Other statistics reported in the survey are indicative of the higher affordability burdens even when housing prices had declined from the peak observed earlier.
Consider that 22 per cent of first-time homebuyers reported renting for more than ten years in the 2018 survey. Their share jumped to 31 per cent in 2019. Hence, a much larger share of first-time homebuyers, who had purchased homes in 2018-19, reported renting for more than ten years to save for a house.
Another indicator of a shift in the demographics is the share of first-time homebuyers who had rented with family and friends before buying. Interestingly, the family- and friends-assisted cohort of first-time homebuyers jumped from 28 per cent in 2018 to 44 per cent in 2019. Similarly, those first-time homebuyers who rented on their own before buying a house declined from 39 per cent in 2018 to 23 per cent in 2019.
At the same time, no fewer than 76 per cent of the respondents reported that the changes related to the stress test “had little or no impact on their decision to buy a home.” However, of the remaining 24 per cent (one in four homebuyers) affected by the stress test, some compromises were needed on the path to homeownership. Most cut back on other expenses (60 per cent), relied more on their savings (59 per cent) or bought a smaller home (52 per cent).
Whereas 47 per cent of homebuyers affected by the stress test purchased a smaller or less expensive home in 2018, a much larger share of 61 per cent reported the same in 2019.
The increase in household debt burdens, primarily because of mortgage-related debt, is also reflected in the survey. Compared to 2018, when 19 per cent of buyers reported their debt being higher than expected, the share increased to 23 per cent in 2019. Of those struggling with making regular mortgage payments, 73 per cent cited the credit card debt as the reason.
The comparative stats further revealed that buyers with less than 20 per cent of the down payment increased in 2019 compared to 2018. Furthermore, the 2019 survey found a slight increase in the share of those “who didn’t have enough saved for a larger down payment.”

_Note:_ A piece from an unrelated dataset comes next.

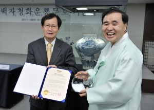 [프라임경제] 금호석유화학은 지난달 30일, 조선 후기 왕실 대표 도자 중 하나인 백자청화운룡문호(白磁靑畵雲龍文壺)를 문화재청 국립고궁박물관에 기증했다고 1일 밝혔다.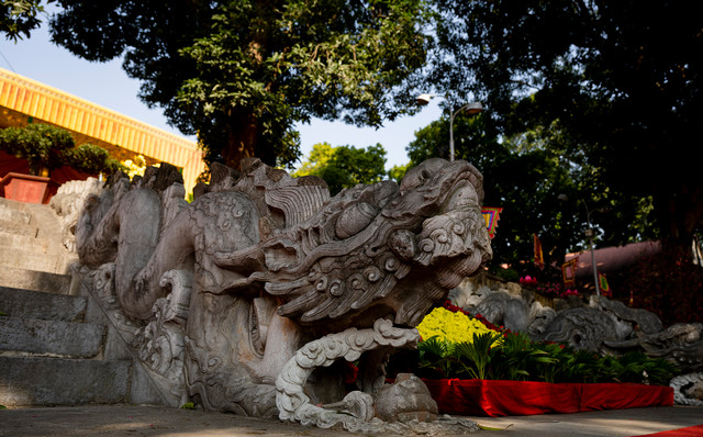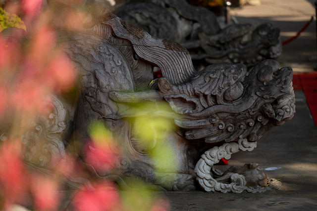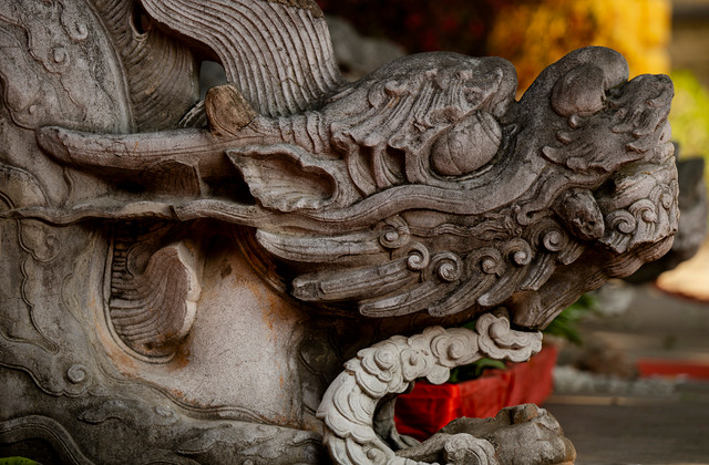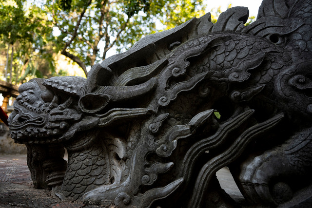 Đầu rồng nổi bật với những nét chạm tinh xảo, thể hiện được sự oai hùng, mạnh mẽ.

CMHC’s 2019 survey of homebuying offers valuable insights on how homebuying has changed over the past few years. Though the survey periods do not permit a strict before-and-after comparison of homebuying concerning the stress test, still the indicators reported suggest that in 2019, FTHB accounted for fewer homebuyers, comprised of a larger share of those who rented for more extended periods, and their savings increasingly fell short to qualify for a mortgage.